Bernard Purdie

Personal information
- Full name: Bernard Charles Purdie
- Date of birth: 20 April 1949 (age 77)
- Place of birth: Wrexham, Wales
- Height: 5 ft 9 in (1.75 m)
- Position: Striker

Senior career*
- Years: Team / Apps / (Gls)
- 1968–1970: Wrexham / 10 / (3)
- 1971–1973: Chester / 63 / (6)
- 1973–1980: Crewe Alexandra / 213 / (44)
- 1980–1982: Huddersfield Town / 46 / (1)
- 1982–1983: Crewe Alexandra / 16 / (0)
- 1983–?: Bangor City / ? / (?)

= Bernard Purdie (footballer) =

Welsh footballer (born 1949)

Bernard Charles Purdie (born 20 April 1949 in Wrexham, Wales) is a former professional footballer who played as a striker for his hometown club Wrexham before making the short journey across the border to join English neighbours Chester in 1971.

He made an explosive start to his Chester career by scoring four times on his full home debut against Gillingham but was to struggle for goals after this. At the end of 1972–73 he was released by Chester along with Graham Clapham and Mick Hollis.

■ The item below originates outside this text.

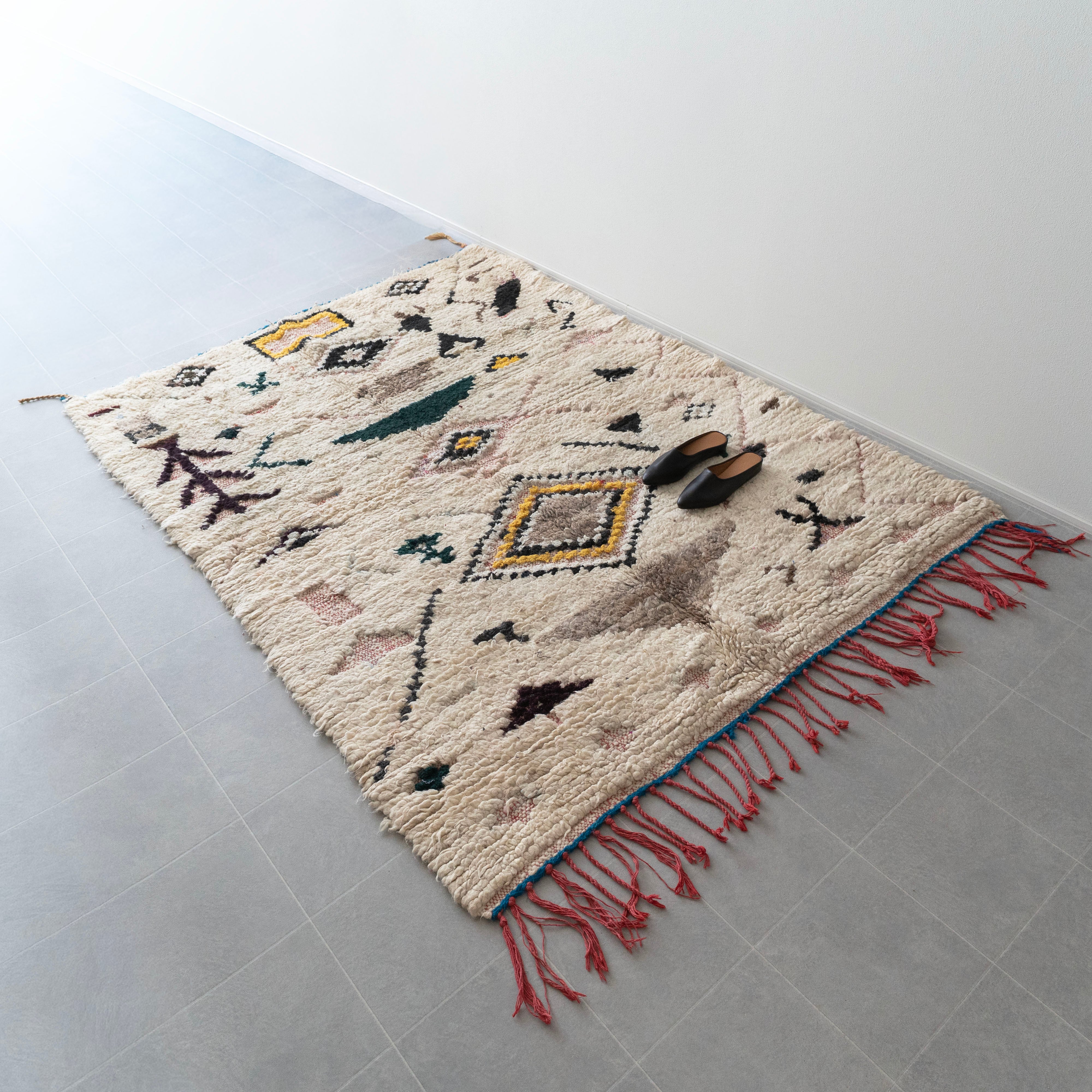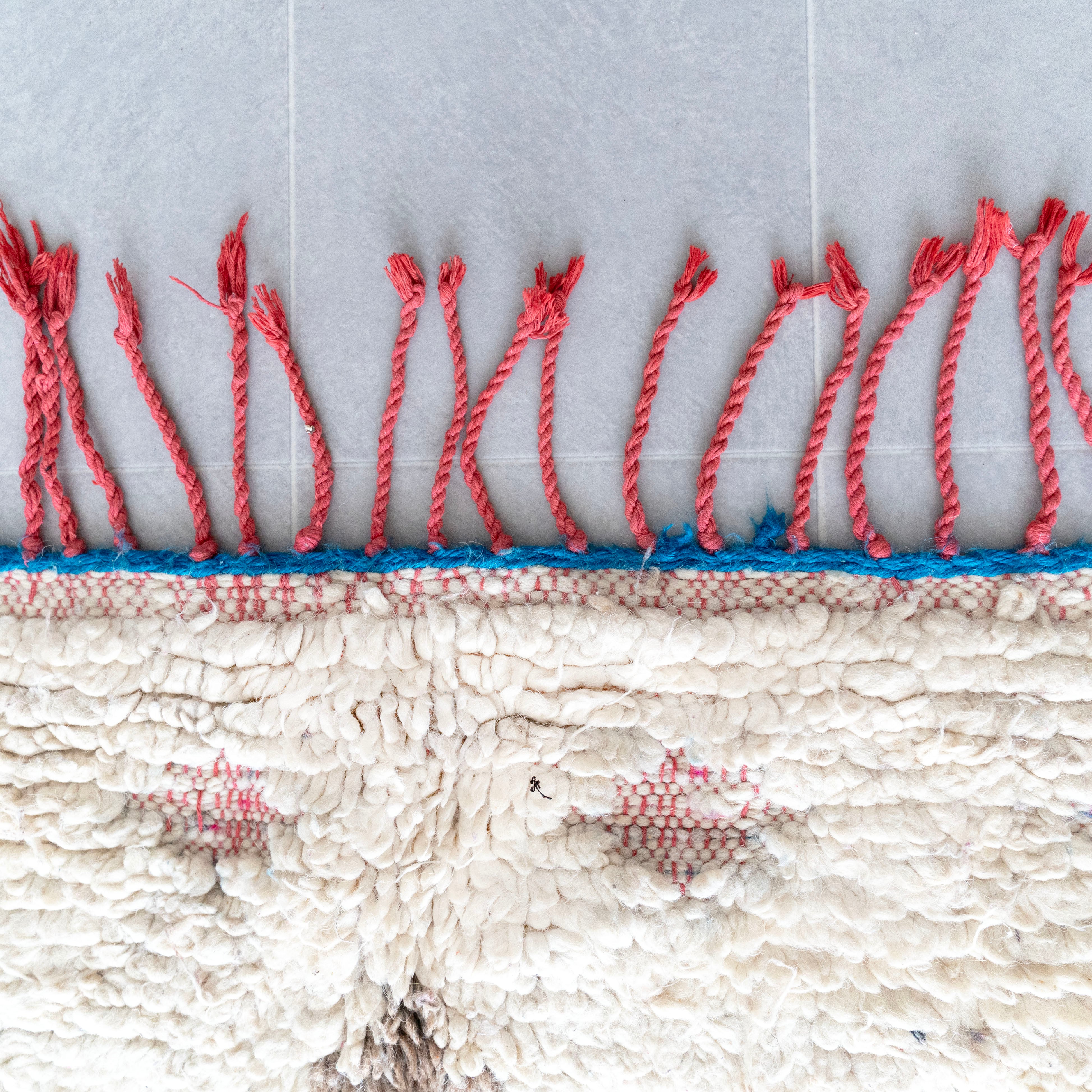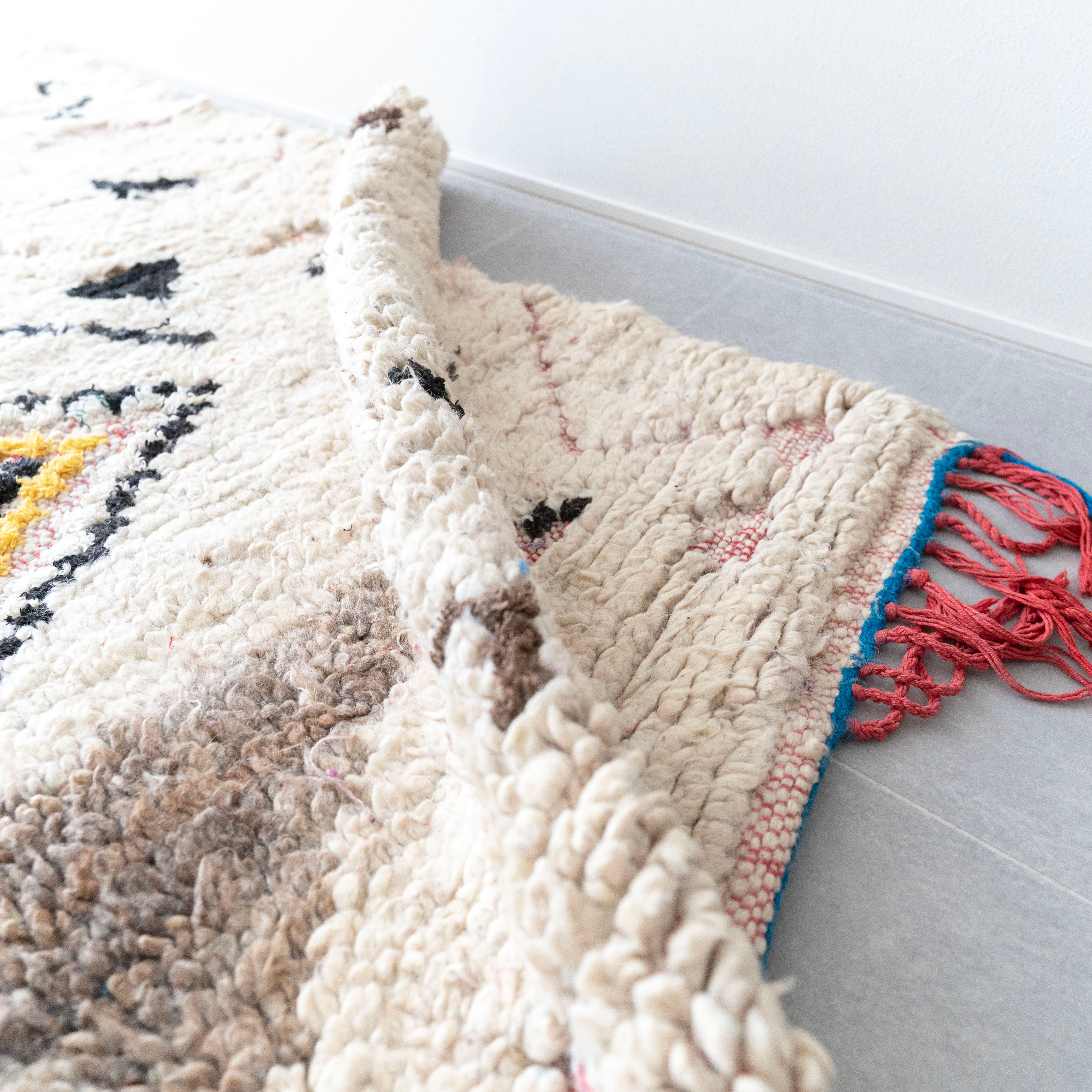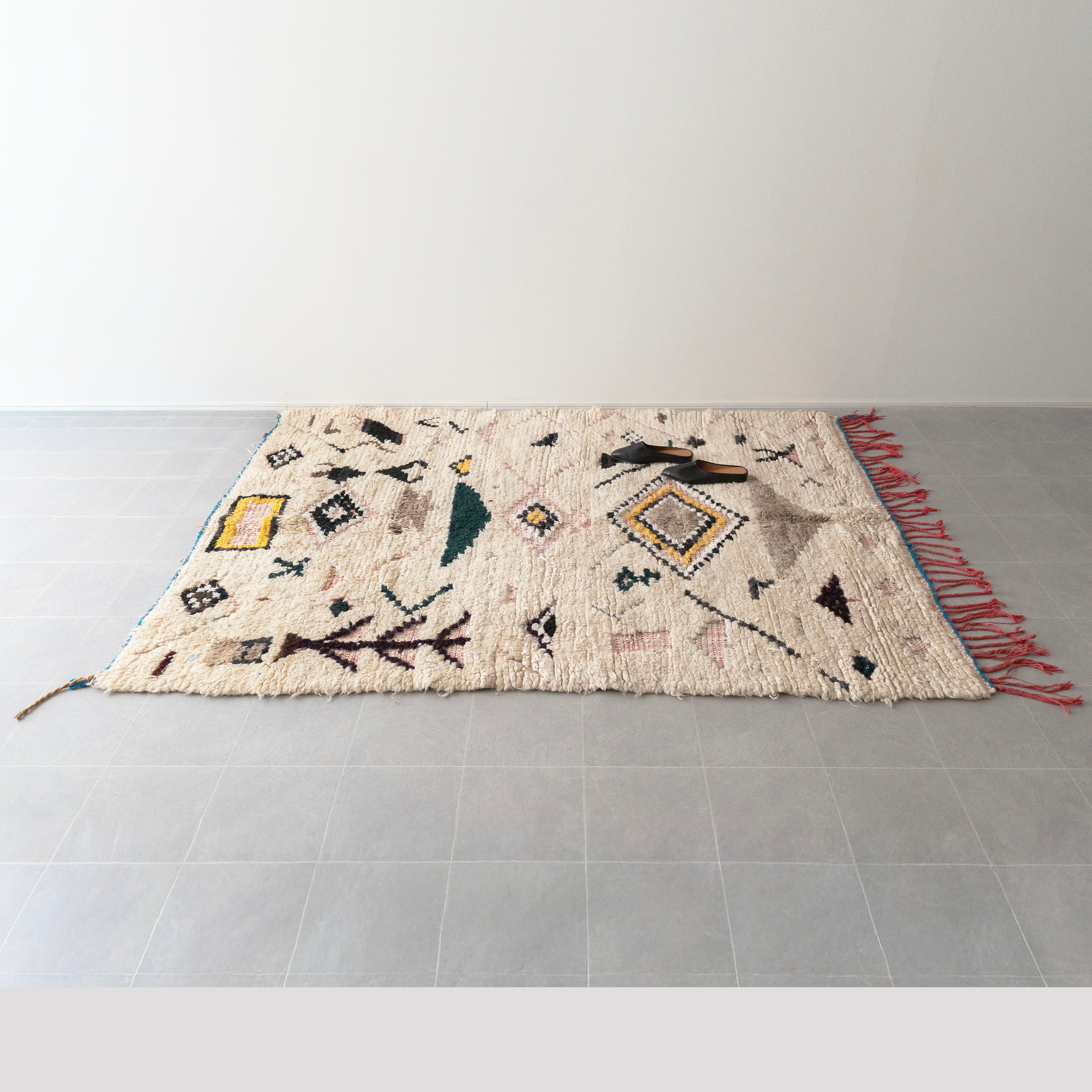 ブジャドの織りに部分的にボシャルウィットを混ぜたヴィンテージラグ。モダンな表情のある毛足が素敵なラグです。色柄を織り交ぜたモチーフが印象的な1枚。縦糸のレッドのコットン糸がお洒落なアクセントに。絶妙なバランスの配色をベースのオフホワイトが上品にまとめ上げています。程よく色褪せていることで色が強く主張しすぎず、木製ヴィンテージ家具とも馴染みの良いラグです。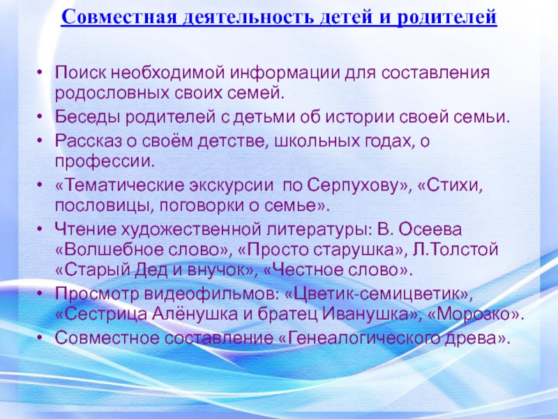 «Тематические экскурсии по Серпухову», «Стихи, пословицы, поговорки о семье».

Purdie remained in professional football by joining Chester's Cheshire rivals Crewe Alexandra, for the first of two spells with the club. In between he helped Huddersfield Town win the Football League Division Four championship in 1979–80 after a £22,000 transfer.

After finishing his league career with Crewe in 1983, Purdie joined non-league side Bangor City and worked as a postman in Wrexham but is now retired.